So, thank you again for your interest today and as the slides flip through the base of the presentation, I’ll turn it over to you, Jill, to begin the Q&A session. Thank you.

QUESTIONS AND ANSWERS

Jill Shea - Credit Suisse – Analyst

Great. Thanks, Steve. So, just to kick off, could you give us your high level thoughts in terms of the economy just given concerns about a potential slow down? Just give us your view. What are you seeing? What are you hearing from your customers? And how do you think about growth for the coming year?

Steve Steinour - Huntington Bancshares Incorporated - Chairman, President, CEO

Virtually all of our business is done in our six core states and our view at this point is there’s no discernible impact on the economy in the footprint. Our business customers are generally autonomous. They’re optimistic about 2016. Some of them feel they have their revenue equation in the bag. We’re not seeing early warning signs anywhere. And I’ll say that with the only exclusion being energy related, oil and gas related loans and oil field services. And in that context, there’s been very little activity in terms of building up the gas, Marcellus and Utica, in Ohio and the surrounding environments. I’ve characterized this in the past we’re like in the first inning of what would be a long-term play for those natural gas zones.

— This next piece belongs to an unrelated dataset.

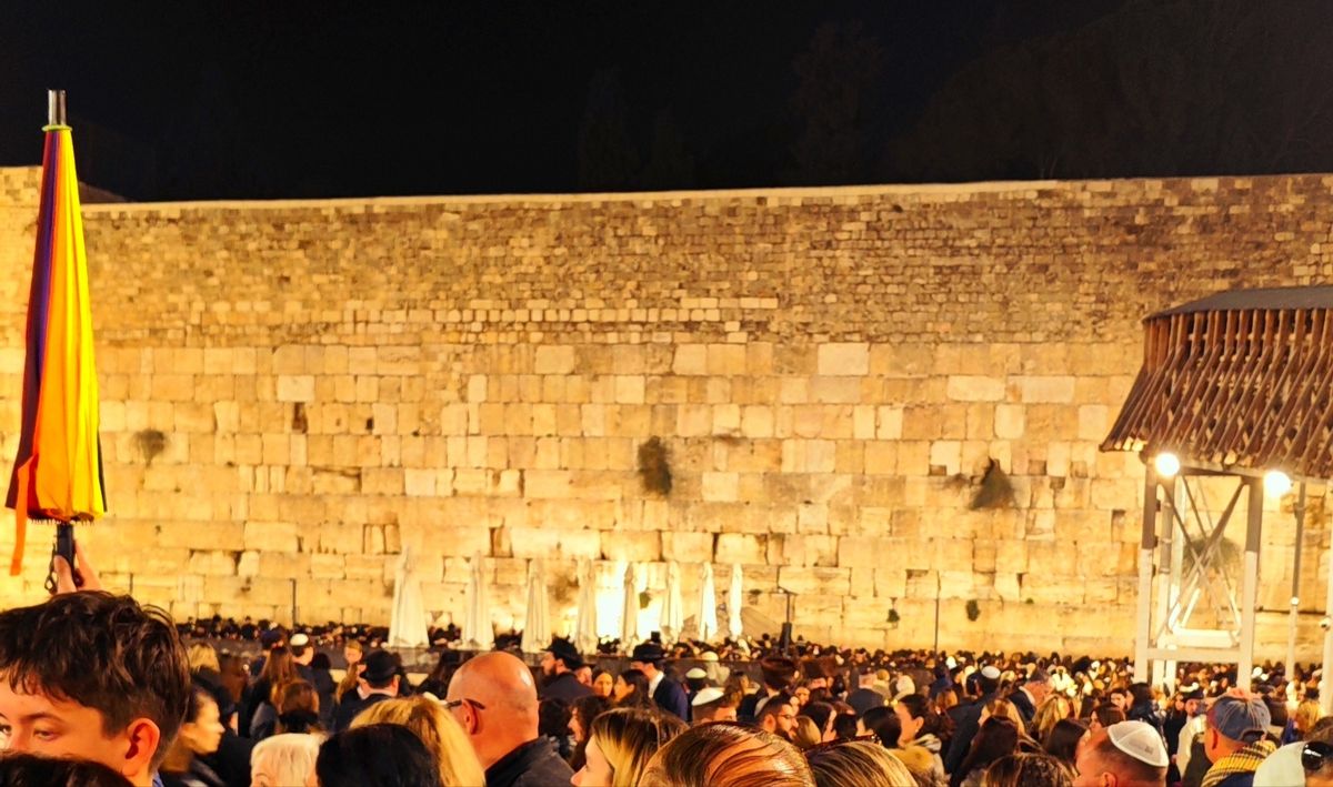 A teď už ji vidím. Venku je už tma, když vyjdu z tunelu. Zeď nářků září v reflektorech, krásně osvětlená proti černému nebi. Plocha před ní je téměř plná, všude plno lidí, elektrizující atmosféra mě okamžitě zachvátí jako proud. Lidé poskakují a tančí v kruzích, drží se za ramena, točí se dokola. A teď tady stojím a snažím se vstřebat tu nepopsatelně úžasnou atmosféru.

So, auto looks good, housing looks good, the consumer generally is good, the price at the pump is clearly a windfall, 70% of GDP coming through to consumer. The Midwest is diversified. The strength of the dollar has been something that executors had to deal with over the last year and a half. It’s not a cliff event. And again, the diversification I think plays to our advantage. We have very low unemployment in a number of our markets, West Michigan, Columbus are running roughly 3% unemployment rates. So, we expect there’s going to be a population inflow into a number of these markets and we’re starting to see that now.

Jill Shea - Credit Suisse – Analyst

Great. And then just in terms of your forward outlook for loan growth, where do you see opportunities to continue to grow the portfolio?

Steve Steinour - Huntington Bancshares Incorporated - Chairman, President, CEO

It’s coming from the core banks. So, we do a lot with small, medium sized enterprises. We have some special lending that we do as well. Auto is expected to be consistently strong in ’16 and we’re seeing outlooks for that even in ’17. So, both the consumer side of that business for us which is big business as well as on the supply side, we like what we see.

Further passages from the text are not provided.